[MCOL-4337] Controllernode must establish connection with his workernodes on its startup Created: 2020-10-07 Updated: 2020-11-20 Resolved: 2020-11-20 |
|
| Status: | Closed |
| Project: | MariaDB ColumnStore |
| Component/s: | Build |
| Affects Version/s: | 1.5.3 |
| Fix Version/s: | 5.5.1 |
| Type: | New Feature | Priority: | Minor |
| Reporter: | Roman | Assignee: | Jose Rojas (Inactive) |
| Resolution: | Fixed | Votes: | 0 |
| Labels: | stability | ||
| Issue Links: |
|
||||||||||||||||
| Sprint: | 2020-8 | ||||||||||||||||
| Description |
|
Controllernode now establish DBRM_Worker connections lazily so it doesn't wait for them to come up. This calls for additional startup check conditions in a cluster setups. Controllernode must wait for all WNs to come up before CN is ready to process requests. |
| Comments |
| Comment by Roman [ 2020-10-09 ] |
|
Plz review. |
| Comment by Roman [ 2020-10-15 ] |
|
4QA should be tested with 5.5 release. |
| Comment by Daniel Lee (Inactive) [ 2020-10-30 ] |
|
Builds tested: 5.5.1-1 Tested on both centos 8 and ubuntu18.04 1. I stopped mcs-controllernode and Macs-workernode@1 services In stead of using systemctl to start services, I did another round of tests by running load_brm and controller node in /usr/bin directly. controllernode started immediately. I noticed there is no DBRM_Controller:WorkerConnectionTiimeout entry in the Columnstore.xml file. I added the entry with a value of 30 and did another round of tests, controllernode still did not wait for workernode to start. |
| Comment by Roman [ 2020-11-10 ] |
|
toddstoffel I would like to suggest to change the mark to stability or something similar. |
| Comment by Roman [ 2020-11-10 ] |
|
dleeyh I need to confess that my test scenario is totally misguiding. JFYI The test you tried will work after |
| Comment by Daniel Lee (Inactive) [ 2020-11-10 ] |
|
Build tested: 5.5.1-1 (Drone) engine: 1ffca618dfba15d1edda4b21a2d9f9713d4f7262 Few issues 1. The error msg is in the warning.log file, not err.log file Nov 10 22:00:15 centos-8 controllernode[4810]: 15.905223 |0|0|0| D 29 CAL0000: DBRM Controller: Connected to DBRM_Worker1 2. After both controller and worker started, the cluster is in a system-not-ready state I logged into the MySQL client after both services were started MariaDB [mytest]> select count [centos8:root~]# systemctl status mariadb Nov 10 21:53:40 centos-8 mariadbd[3920]: 2020-11-10 21:53:40 0 [Note] Added new Master_info '' to hash table restarting the mariadb service did not resolve the issue, but restarting mariadb-columnstore did. |
| Comment by Roman [ 2020-11-11 ] |
|
dleeyh I need the exact steps you took b/c my list of actions didn't include starting or testing of the whole cluster so I'm unaware of what you are exactly doing. |
| Comment by Daniel Lee (Inactive) [ 2020-11-11 ] |
|
I did the steps you specified and tried to run a query.
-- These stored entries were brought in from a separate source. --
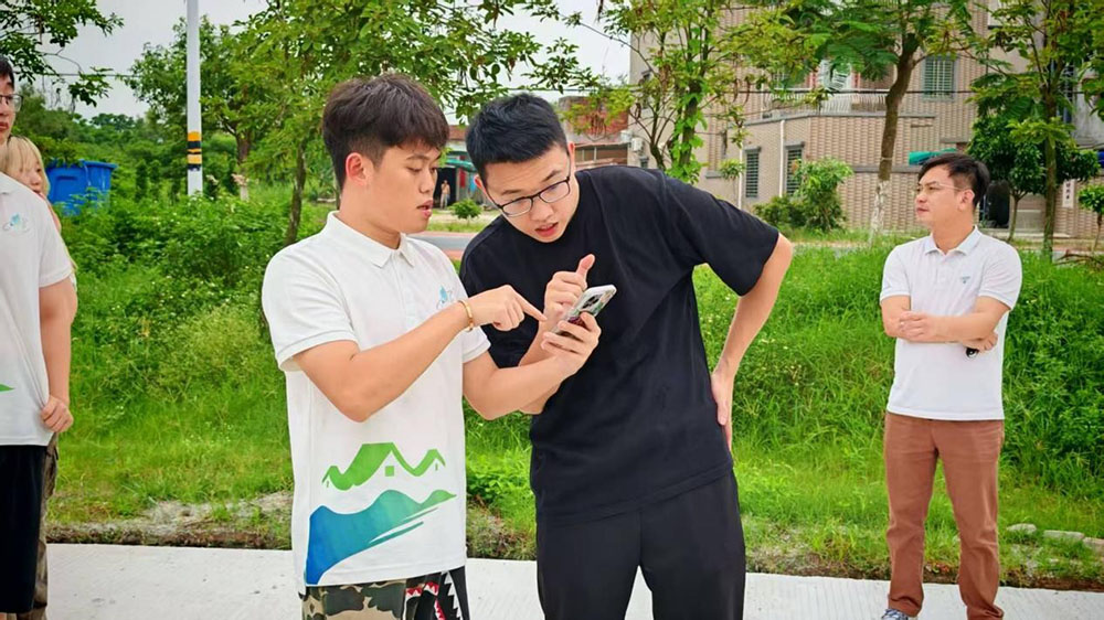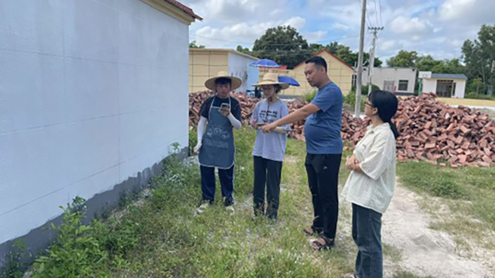 實踐隊隊長胡凌濤與符主任對墻繪細節(jié)進行溝通 工作人員/攝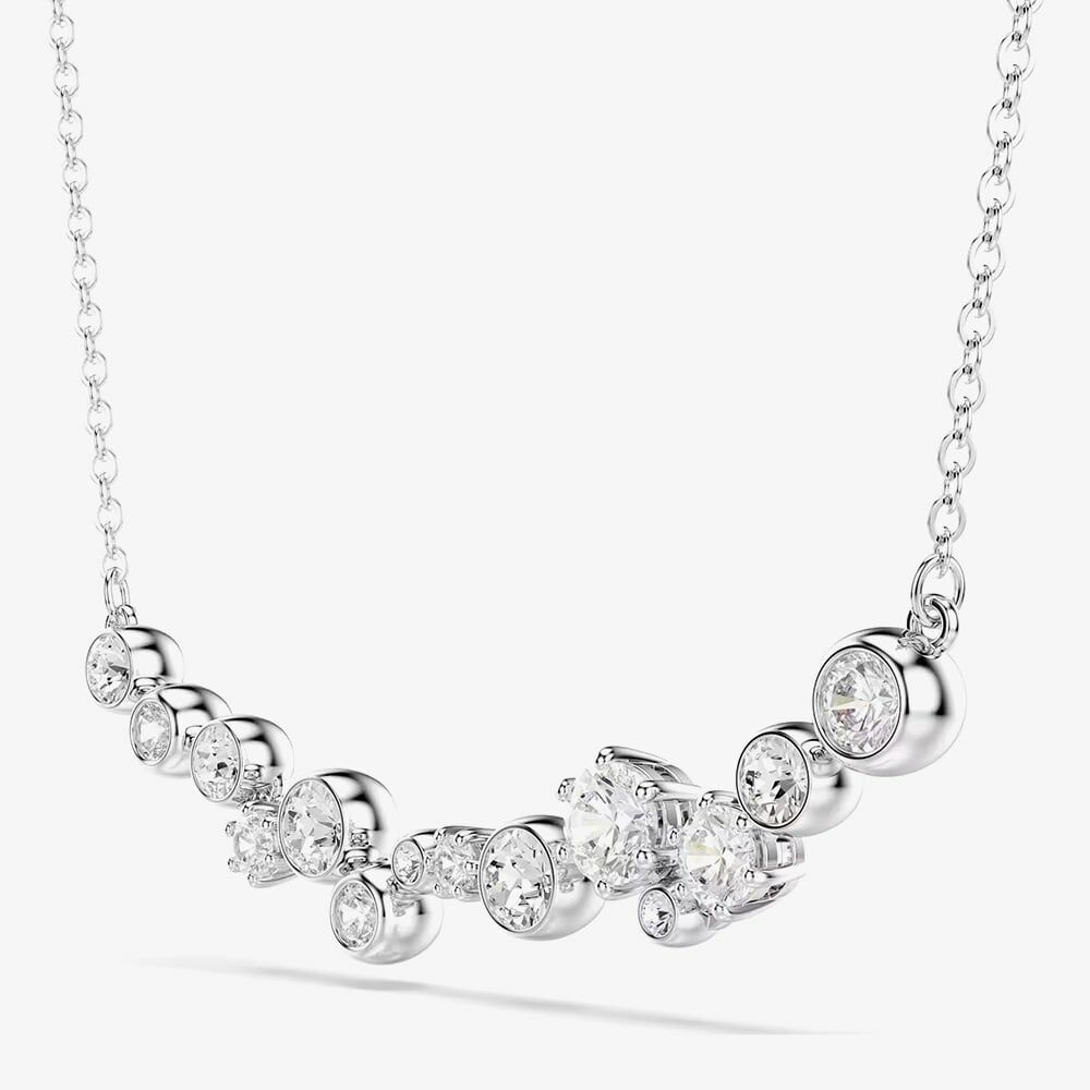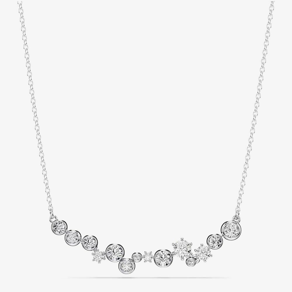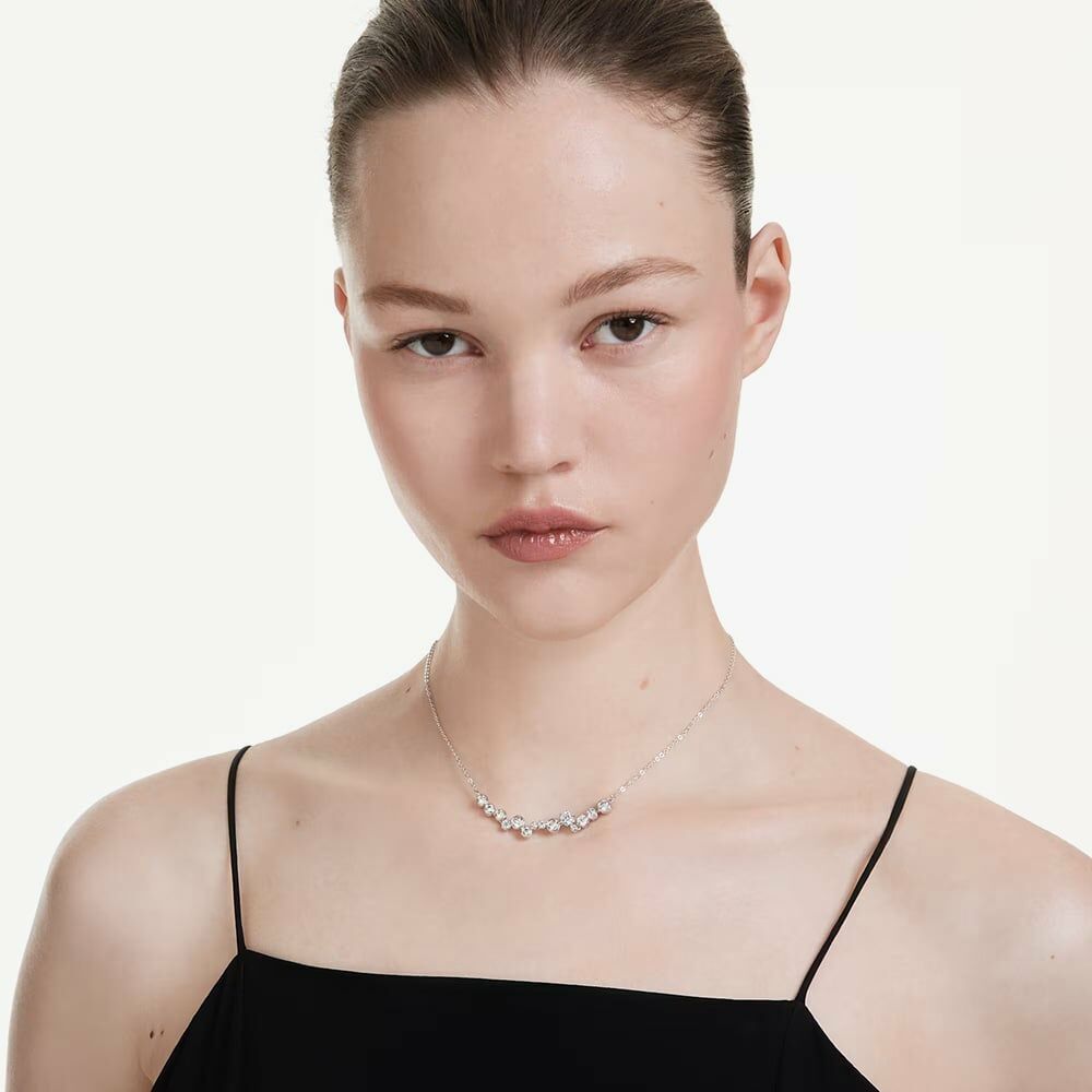 Add a burst of celestial energy to your everyday look with this dazzling Constella necklace in rhodium plating. The design features a radiant cluster of clear crystals in varying sizes, set in a mix of prong and bezel settings. Suspended on a delicate chain, it captures the magic of the stars in a beautifully refined form.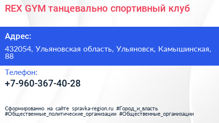 REX GYM, танцевально-спортивный клуб по адресу 432054, Ульяновская область, Ульяновск, Камышинская, 88 в дальнейшем Организация, размещена в следующих категориях:

The cluster was in "not ready" state. Your change maybe doing what you want to do specifically, but you need to ensure the cluster is not broken. |
| Comment by Roman [ 2020-11-11 ] |
|
How did you start the cluster? |
| Comment by Daniel Lee (Inactive) [ 2020-11-11 ] |
|
The "not ready" issue occurred right after I performed the steps you specified. No start or restart was performed. I did restart the cluster later, attempting to recover the cluster systemctl restart mariadb |